Description of the task ▸ Locate "Touch and place" in the data below, then output the line it is on and all following lines through the last, word for word. Skip any pictures.

-- Given material follows --

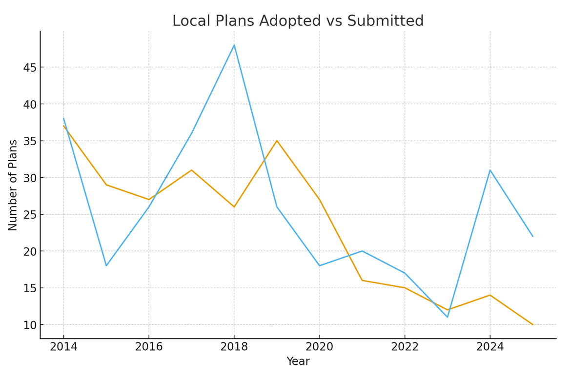 While submissions are increasing, the time taken to move from submission to adoption has deteriorated sharply. The second chart illustrates this clearly. A decade ago, around half of all examinations that reached adoption were completed in under 18 months. In the last three years, only one authority has managed to achieve that benchmark (hats off to you, West Suffolk). The current average time from submission to adoption is now approximately 37 months, double the typical timescales seen in the mid-2010s.
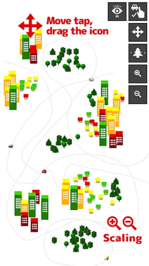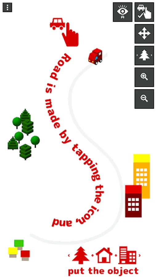 Touch and place a tree, house, building and drag and draw a road for cars to run.
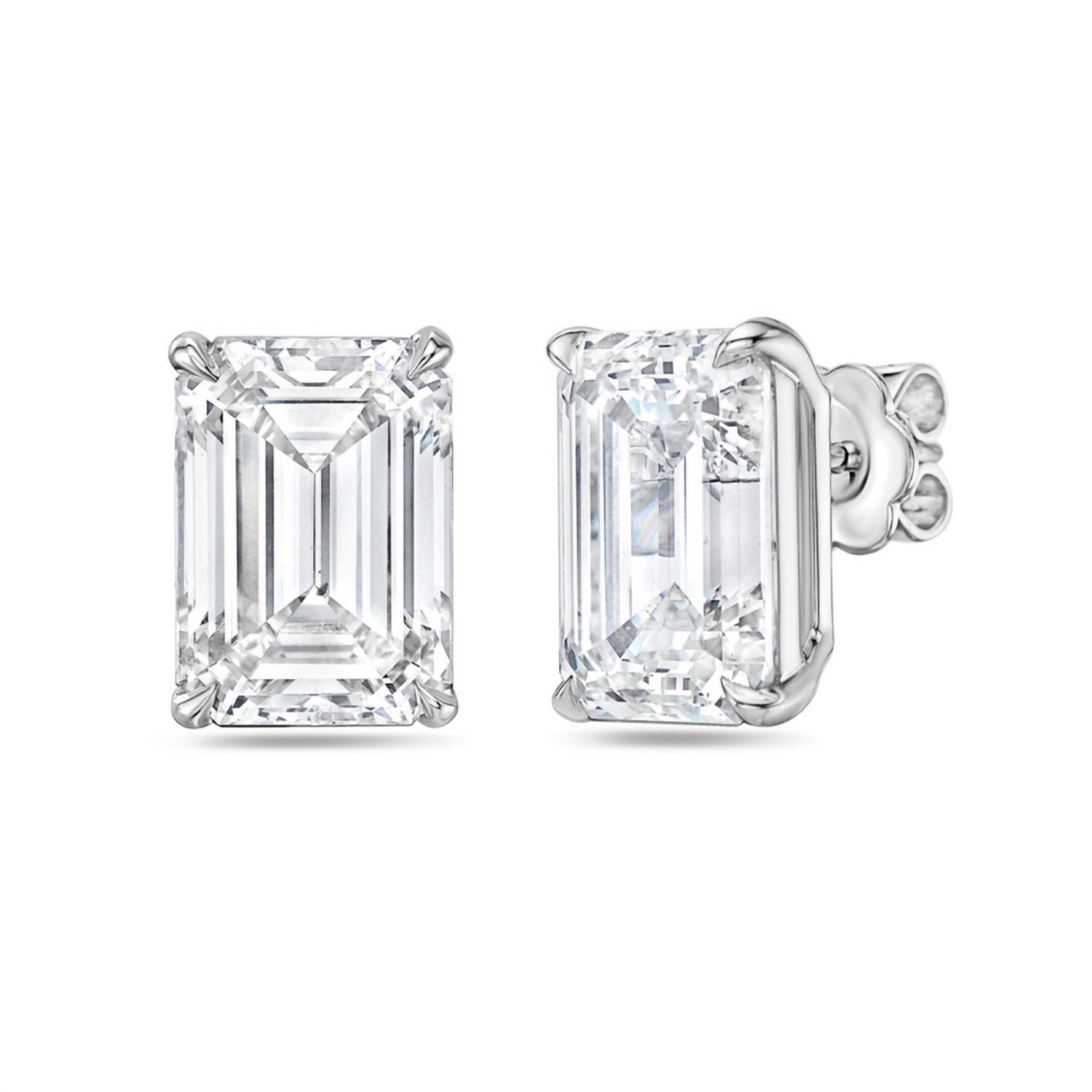 Discover the 12 Carat Lab Grown Emerald Cut Diamond Stud Earrings by Diana M Jewels, a luxurious addition to any fine jewelry collection. Crafted from 14k white gold, these earrings feature emerald-cut diamonds set in a classic four-prong setting, highlighting their DEF color and VS clarity for a stunning sparkle. Material: 14k White Gold. Stone Carat Weight: 12 carat. Stone Origin: Lab-grown. Stone Shape: Emerald. Diamond Clarity: Very Slightly Included (higher grade). These studs are a testament to elegance and sophistication.

-- Given material concluded --

Response ▸
 Touch and place a tree, house, building and drag and draw a road for cars to run.
 Discover the 12 Carat Lab Grown Emerald Cut Diamond Stud Earrings by Diana M Jewels, a luxurious addition to any fine jewelry collection. Crafted from 14k white gold, these earrings feature emerald-cut diamonds set in a classic four-prong setting, highlighting their DEF color and VS clarity for a stunning sparkle. Material: 14k White Gold. Stone Carat Weight: 12 carat. Stone Origin: Lab-grown. Stone Shape: Emerald. Diamond Clarity: Very Slightly Included (higher grade). These studs are a testament to elegance and sophistication.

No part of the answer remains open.